Data excerpt:
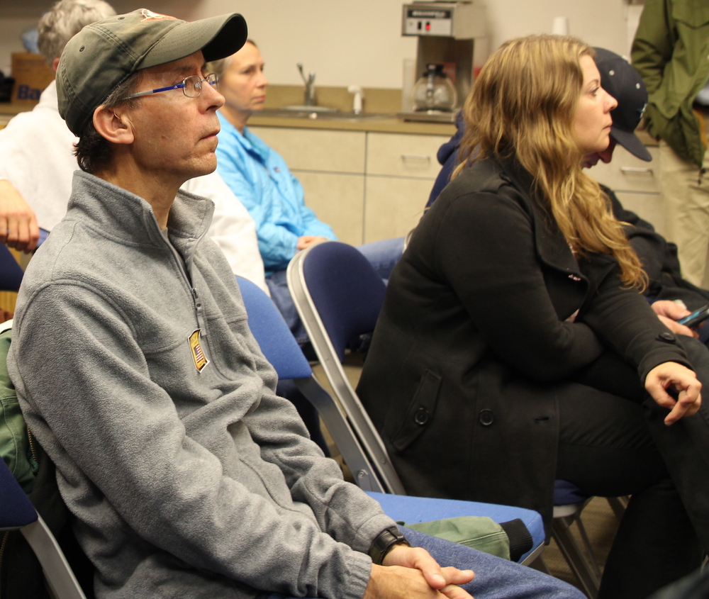 Eric Van Cise (l.) watches polling results in the Sitka Firehall. Jennifer Robinson (r.) lost her seat on the school board in the biggest surprise of the evening. (KCAW photo/Emily Kwong)
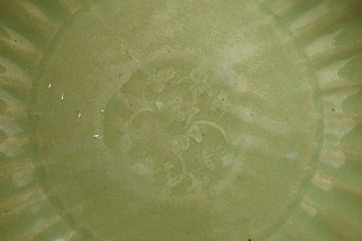 Ming Dynasty period. Sturdily potted with rounded lobed sides, rising from a tapered foot to a barbed everted rim, the interior centered with floral spray, covered overall in a lustrous olive-green glaze, save for the wide ring on the base fired burnt-orange.
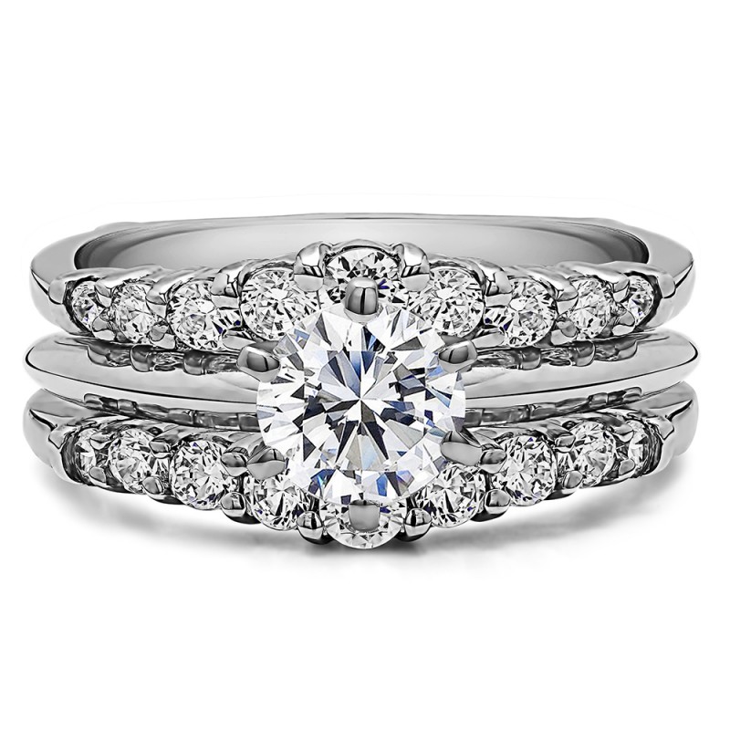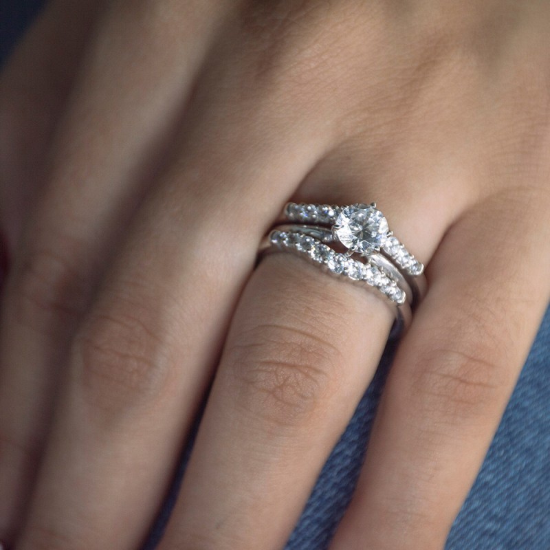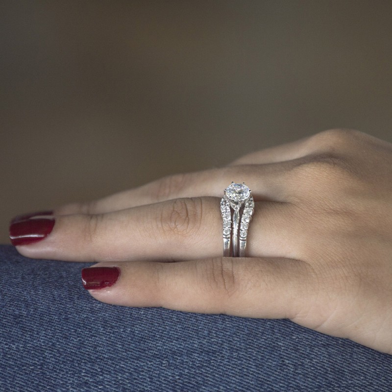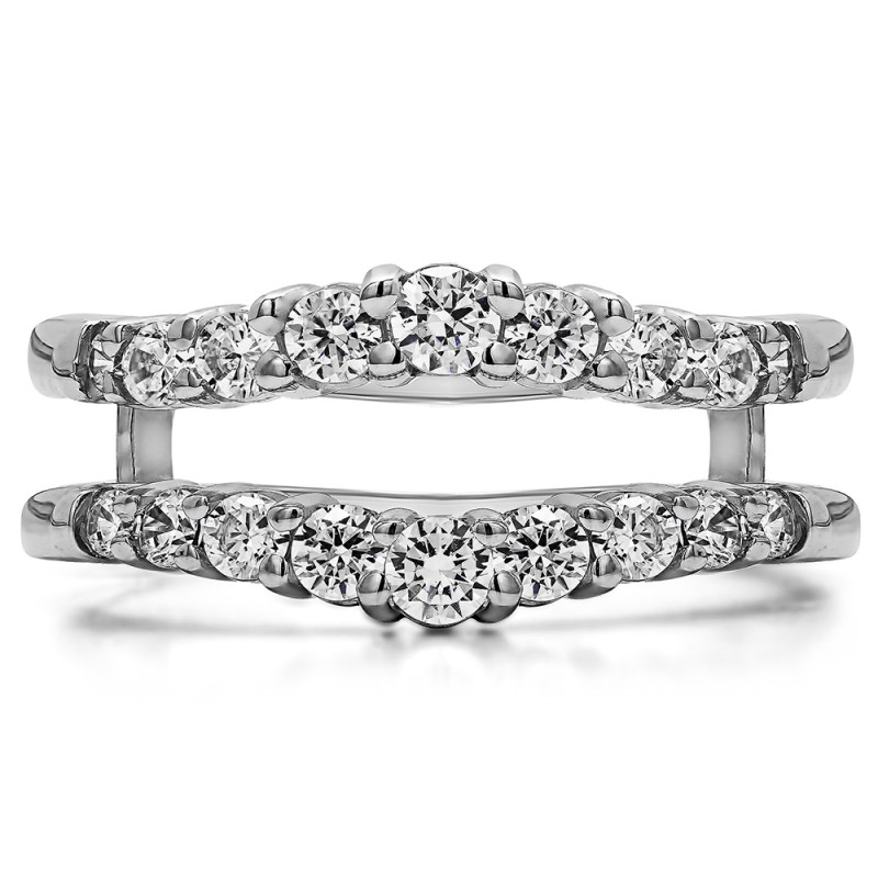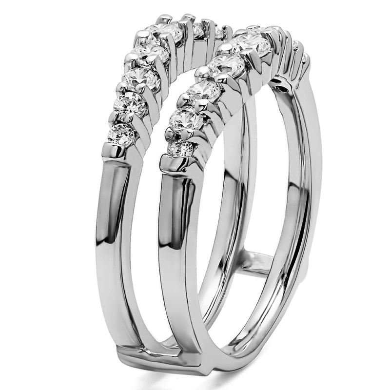This wedding ring guard has 18 round, prong set stones. Each band measures 2.5 millimeters wide. This ring guard has 0.71 carats total weight. It is made to fit a round or princess cut solitaire from 0.2 carats to 2 carats.

What you should do:
Write out, exactly and only, the lines from the one containing "Ming Dynasty period." through the last line of the material above. Pictures do not go in the copy.

Exercise answer:
 Ming Dynasty period. Sturdily potted with rounded lobed sides, rising from a tapered foot to a barbed everted rim, the interior centered with floral spray, covered overall in a lustrous olive-green glaze, save for the wide ring on the base fired burnt-orange.
This wedding ring guard has 18 round, prong set stones. Each band measures 2.5 millimeters wide. This ring guard has 0.71 carats total weight. It is made to fit a round or princess cut solitaire from 0.2 carats to 2 carats.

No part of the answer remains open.